[[ Given information, beginning ]]
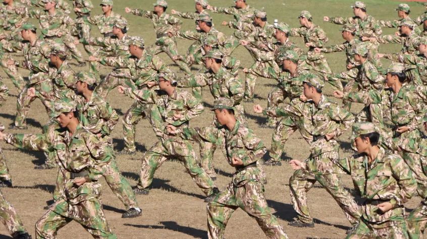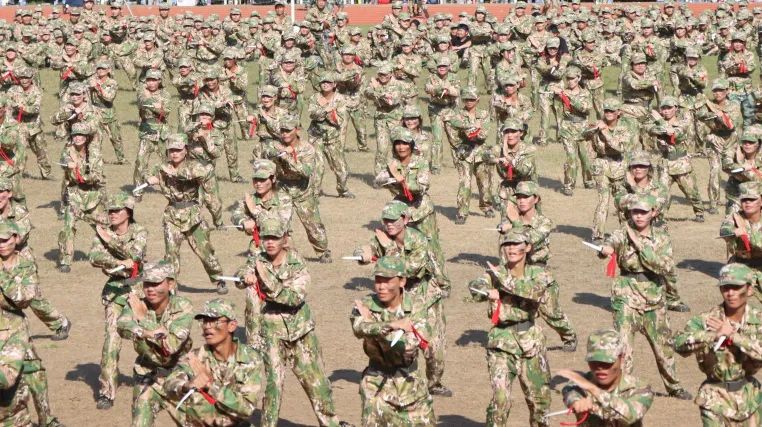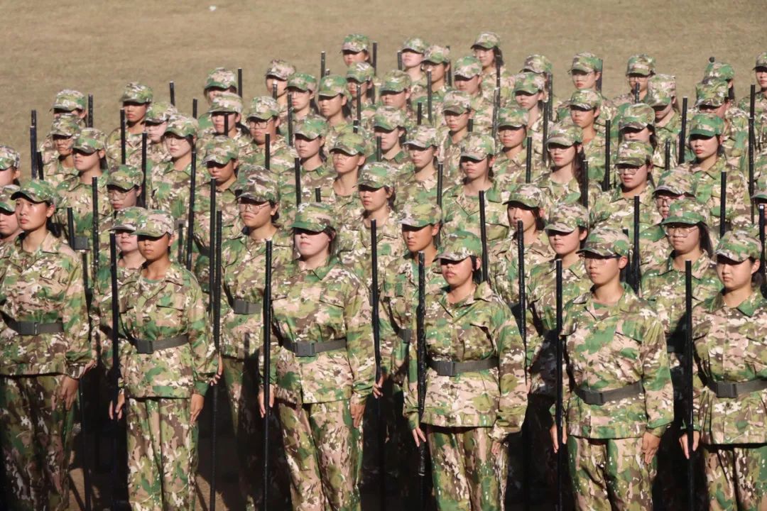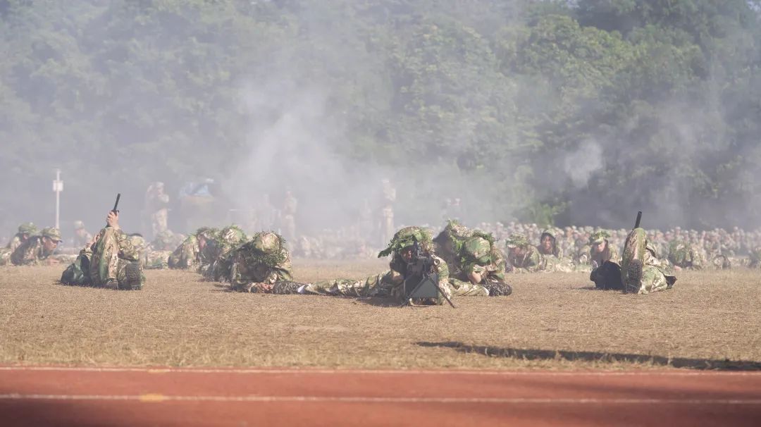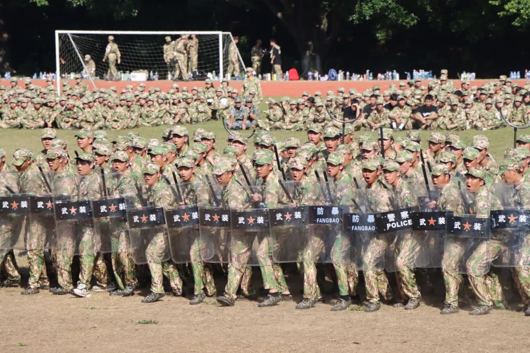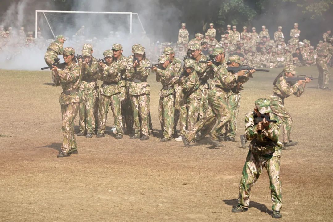 上午八時許,軍訓會操拉開序幕。2023級參訓新生按建制序列邁著整齊的步伐依次進行隊列表演、軍體拳、棍法匕、戰(zhàn)場與救護、警棍盾牌操、偽裝與防護、擒敵拳、匕首操、防爆隊形等訓練科目表演,同學們精神飽滿、隊列整齊、步伐堅定、號聲嘹亮、姿態(tài)標準、氣勢如虹;響亮的口號,洋溢鮮活的青春力量,充分展示了華立學子斗志昂揚、意氣風發(fā)的精神風貌和軍訓取得的豐碩成果。
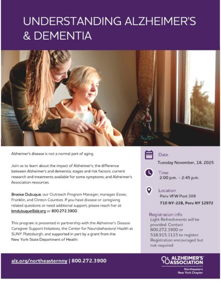 The Alzheimer’s Association is partnering with the Peru VFW to offer free dementia centered education at the Peru VFW Memorial Post 309 on Nov. 18 @ 2:00pm. The Association will be offering light refreshments and would love to see a good turnout. A document that outlines the correlation between veterans and dementia is attached. More information can be found at The North Country Alzheimer’s Association Facebook Group. Veterans and Alzheimer’s Disease
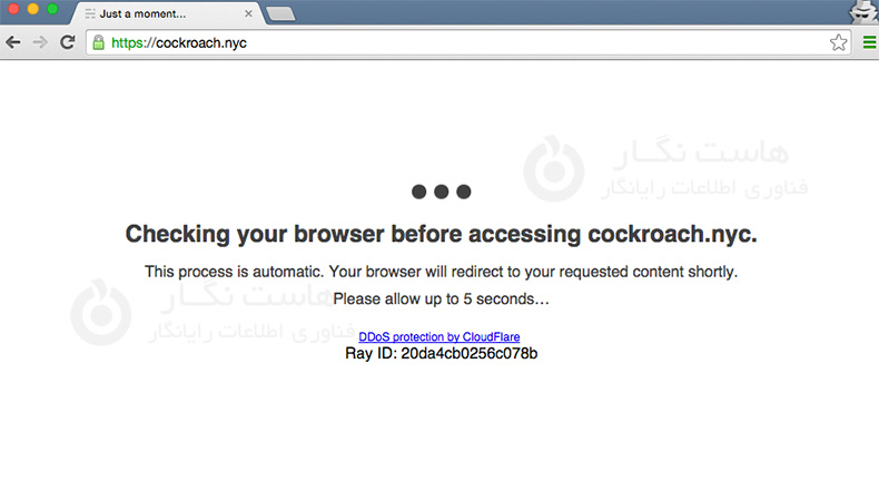 اگر این حالت را فعال کنید، هر بازدیدکننده از وبسایت شما با یک صفحه میانی روبرو خواهد شد که چندین بررسی مرورگری را انجام داده و باعث تأخیر 5 ثانیهای بازدیدکننده میشود پیش از اینکه آنها را به سرور شما منتقل کند. این صفحه ممکن است به این شکل باشد:
[[ Given information, end ]]
• **Exercise aim**
Print the material above exactly, skipping its images.

• **Exercise solution**
 上午八時許,軍訓會操拉開序幕。2023級參訓新生按建制序列邁著整齊的步伐依次進行隊列表演、軍體拳、棍法匕、戰(zhàn)場與救護、警棍盾牌操、偽裝與防護、擒敵拳、匕首操、防爆隊形等訓練科目表演,同學們精神飽滿、隊列整齊、步伐堅定、號聲嘹亮、姿態(tài)標準、氣勢如虹;響亮的口號,洋溢鮮活的青春力量,充分展示了華立學子斗志昂揚、意氣風發(fā)的精神風貌和軍訓取得的豐碩成果。
 The Alzheimer’s Association is partnering with the Peru VFW to offer free dementia centered education at the Peru VFW Memorial Post 309 on Nov. 18 @ 2:00pm. The Association will be offering light refreshments and would love to see a good turnout. A document that outlines the correlation between veterans and dementia is attached. More information can be found at The North Country Alzheimer’s Association Facebook Group. Veterans and Alzheimer’s Disease
 اگر این حالت را فعال کنید، هر بازدیدکننده از وبسایت شما با یک صفحه میانی روبرو خواهد شد که چندین بررسی مرورگری را انجام داده و باعث تأخیر 5 ثانیهای بازدیدکننده میشود پیش از اینکه آنها را به سرور شما منتقل کند. این صفحه ممکن است به این شکل باشد:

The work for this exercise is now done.